=== TASK INSTRUCTIONS ===
Below are the records; reproduce all of them exactly but without any images.

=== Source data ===
══════════════════════════════

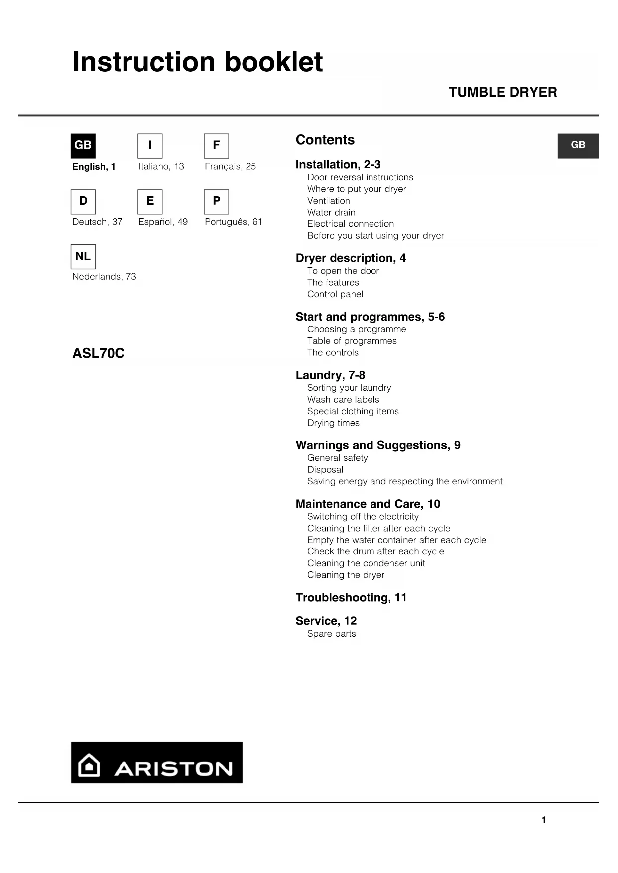 Contents TUMBLE DRYER ASL70C Instruction booklet Installation, 2-3 Door reversal instructions Where to put your dryer Ventilation Water drain Electrical connection Before you start using your dryer Dryer description, 4 To open the door The features Control panel Start and programmes, 5-6 Choosing a programme Table of programmes The controls Laundry, 7-8 Sorting your laundry Wash care labels Special clothing items Drying times Warnings and Suggestions, 9 General safety Disposal Saving energy and respecting the environment Maintenance and Care, 10 Switching off the electricity Cleaning the filter after each cycle Empty the water container after each cycle Check the drum after each cycle Cleaning the condenser unit Cleaning the dryer Troubleshooting, 11 Service, 12 Spare parts
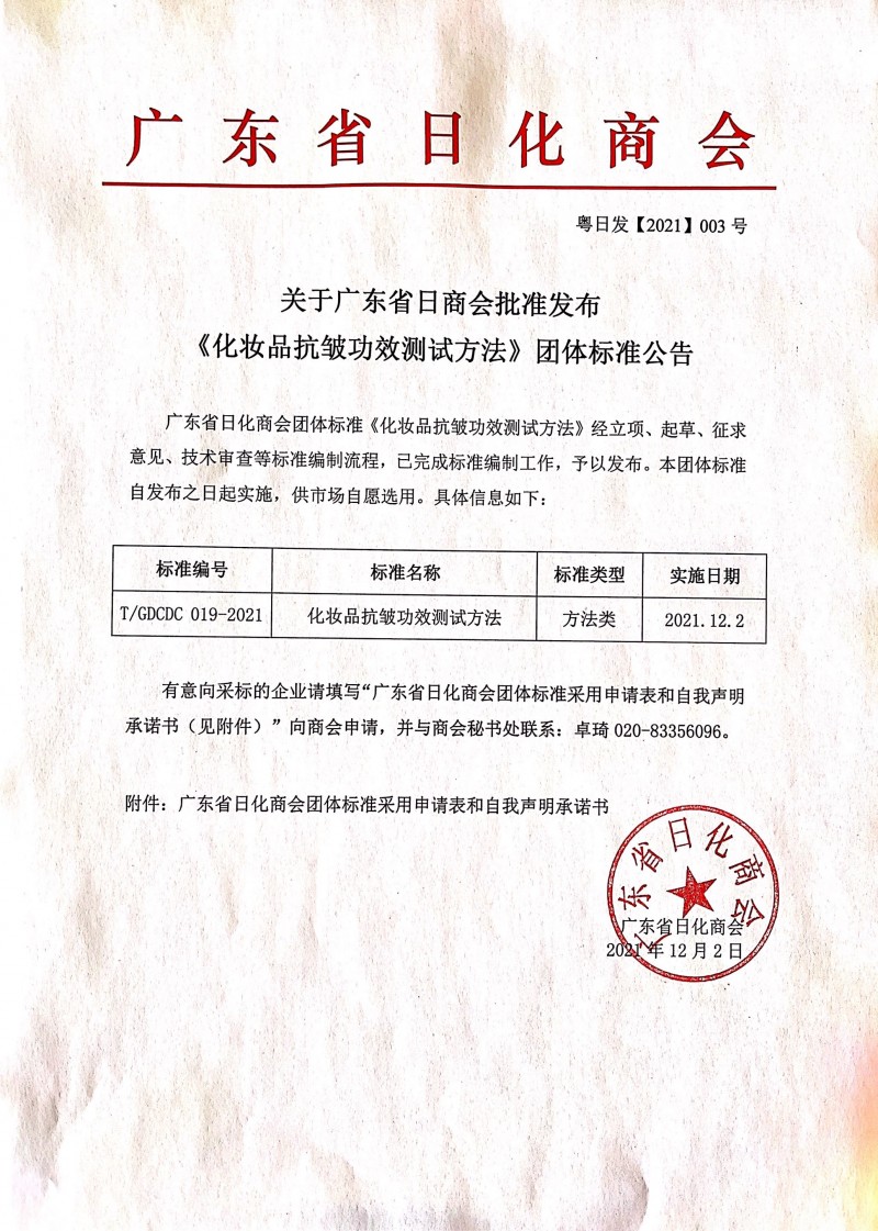 以上為關于廣東省日商會批準發布《化妝品抗皺功效測試方法》團體標準公告(粵日發【2021】003號)的檢測服務介紹,如有其他疑問可聯系在線工程師!
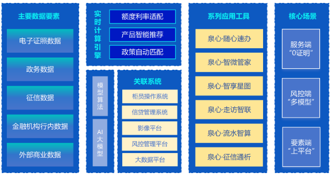 三、推动数据多场景复用,打造多维标签、智能建模的普惠金融多领域创新应用。一是全国银行业首创全流程、全场景“0证明”创新应用。创新“泉智·随心速办”应用,打通电子证照在金融机构内部柜面、信贷等系统间流转,打造开户、授信、政策直享等全场景“0”证明创新应用,实现平均审批时间缩短60%以上,已累计为各类经营主体授信超70亿元。二是构建全客群、全周期风控多模型应用。运用已汇聚的多维数据,使用评分卡、决策树、梯度提升等模型算法,打造超150个多标签综合风控模型,运用于授信等各类业务场景以及打击金融黑灰产、反诈、反洗钱等多个领域,风险识别准确率提升35%。三是打造农村要素上平台“一站式”服务应用。联动农业农村、林业等部门搭建“三资”、林业要素管理平台等互联互通的要素数字化平台矩阵,通过知识图谱、智能算法等技术,融通平台数据要素、历史交易数据、市场供需信息等搭建农村要素资产估值模型,解决农村要素流转难题,已赋能相关贷款投放超30亿元。
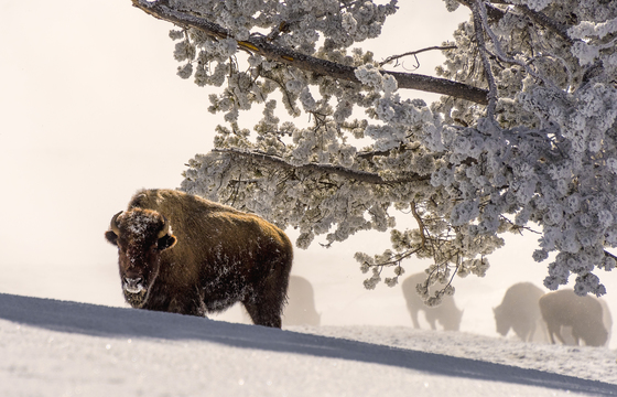 A Bison stands in heavy snow under an evergreen tree on a cold winter day as the herd searches for food.
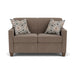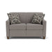 Easy Elegance Settle in alone or with a loved one on this effortlessly elegant loveseat perfectly scaled to fit into any size space. A tight back and soft, reversible box seat cushions offer firm yet comfortable support. Simple, clean lines, refined welt detailing, and two accent pillows make this loveseat an essential element of any living space. Small-scale piece perfect for compact spaces Built to last with the C-Flex Blue Steel Spring™ Clean, tailored tight back for firm support Design-forward details including refined track arms and welt trim Square tapered wood legs in attractive Florentine finish offer understated style Comes with two accent pillows to enhance comfort and style Comfortably seats two Model Number: 5890-20 Dimensions 36H x 55W x 35L
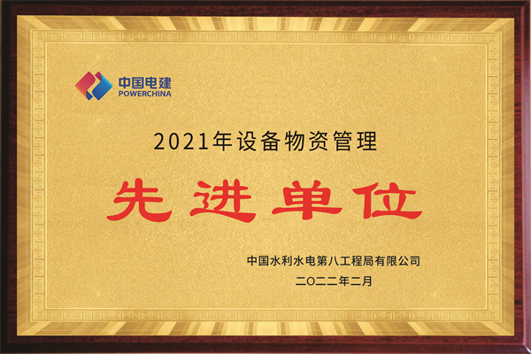 水电八局2021年度设备物资管理先进单位
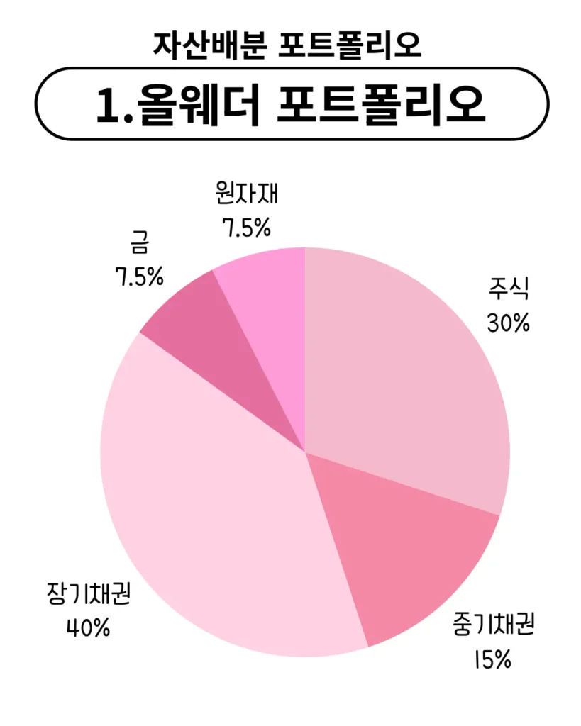 브리지워터 창업자 레이 달리오가 만든 포트폴리오입니다. 경제 상황을 예측하지 말고 모든 상황에 대비할 수 있도록 만들어졌고요.
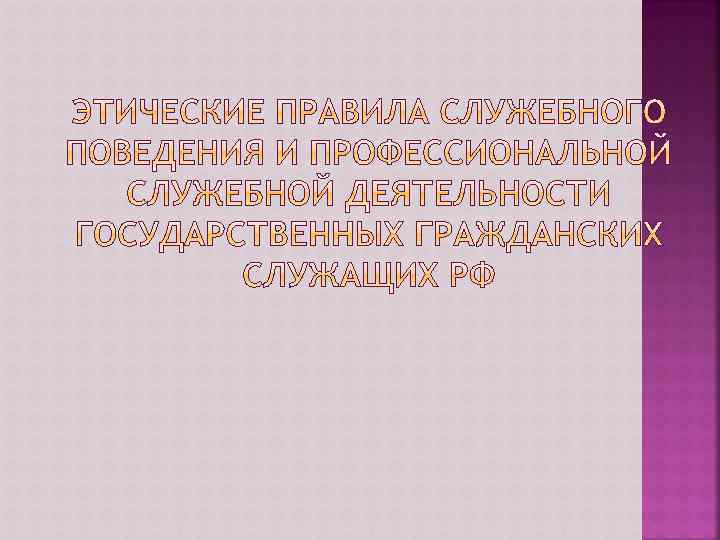 КАК ВИДА ПРОФЕССИОНАЛЬНОЙ ЭТИКИ • Специфика предназначения государственной и муниципальной службы, выраженная в ст. 2 Конституции РФ. • Социально – правовой статус государственных гражданских служащих. • Единство принципов государственной и муниципальной службы, требований к подготовке кадров для государственной гражданской службе и дополнительному профессиональному обучению.

══════════════════════════════

=== ANSWER SECTION ===
 Contents TUMBLE DRYER ASL70C Instruction booklet Installation, 2-3 Door reversal instructions Where to put your dryer Ventilation Water drain Electrical connection Before you start using your dryer Dryer description, 4 To open the door The features Control panel Start and programmes, 5-6 Choosing a programme Table of programmes The controls Laundry, 7-8 Sorting your laundry Wash care labels Special clothing items Drying times Warnings and Suggestions, 9 General safety Disposal Saving energy and respecting the environment Maintenance and Care, 10 Switching off the electricity Cleaning the filter after each cycle Empty the water container after each cycle Check the drum after each cycle Cleaning the condenser unit Cleaning the dryer Troubleshooting, 11 Service, 12 Spare parts
 以上為關于廣東省日商會批準發布《化妝品抗皺功效測試方法》團體標準公告(粵日發【2021】003號)的檢測服務介紹,如有其他疑問可聯系在線工程師!
 三、推动数据多场景复用,打造多维标签、智能建模的普惠金融多领域创新应用。一是全国银行业首创全流程、全场景“0证明”创新应用。创新“泉智·随心速办”应用,打通电子证照在金融机构内部柜面、信贷等系统间流转,打造开户、授信、政策直享等全场景“0”证明创新应用,实现平均审批时间缩短60%以上,已累计为各类经营主体授信超70亿元。二是构建全客群、全周期风控多模型应用。运用已汇聚的多维数据,使用评分卡、决策树、梯度提升等模型算法,打造超150个多标签综合风控模型,运用于授信等各类业务场景以及打击金融黑灰产、反诈、反洗钱等多个领域,风险识别准确率提升35%。三是打造农村要素上平台“一站式”服务应用。联动农业农村、林业等部门搭建“三资”、林业要素管理平台等互联互通的要素数字化平台矩阵,通过知识图谱、智能算法等技术,融通平台数据要素、历史交易数据、市场供需信息等搭建农村要素资产估值模型,解决农村要素流转难题,已赋能相关贷款投放超30亿元。
 A Bison stands in heavy snow under an evergreen tree on a cold winter day as the herd searches for food.
 Easy Elegance Settle in alone or with a loved one on this effortlessly elegant loveseat perfectly scaled to fit into any size space. A tight back and soft, reversible box seat cushions offer firm yet comfortable support. Simple, clean lines, refined welt detailing, and two accent pillows make this loveseat an essential element of any living space. Small-scale piece perfect for compact spaces Built to last with the C-Flex Blue Steel Spring™ Clean, tailored tight back for firm support Design-forward details including refined track arms and welt trim Square tapered wood legs in attractive Florentine finish offer understated style Comes with two accent pillows to enhance comfort and style Comfortably seats two Model Number: 5890-20 Dimensions 36H x 55W x 35L
 水电八局2021年度设备物资管理先进单位
 브리지워터 창업자 레이 달리오가 만든 포트폴리오입니다. 경제 상황을 예측하지 말고 모든 상황에 대비할 수 있도록 만들어졌고요.
 КАК ВИДА ПРОФЕССИОНАЛЬНОЙ ЭТИКИ • Специфика предназначения государственной и муниципальной службы, выраженная в ст. 2 Конституции РФ. • Социально – правовой статус государственных гражданских служащих. • Единство принципов государственной и муниципальной службы, требований к подготовке кадров для государственной гражданской службе и дополнительному профессиональному обучению.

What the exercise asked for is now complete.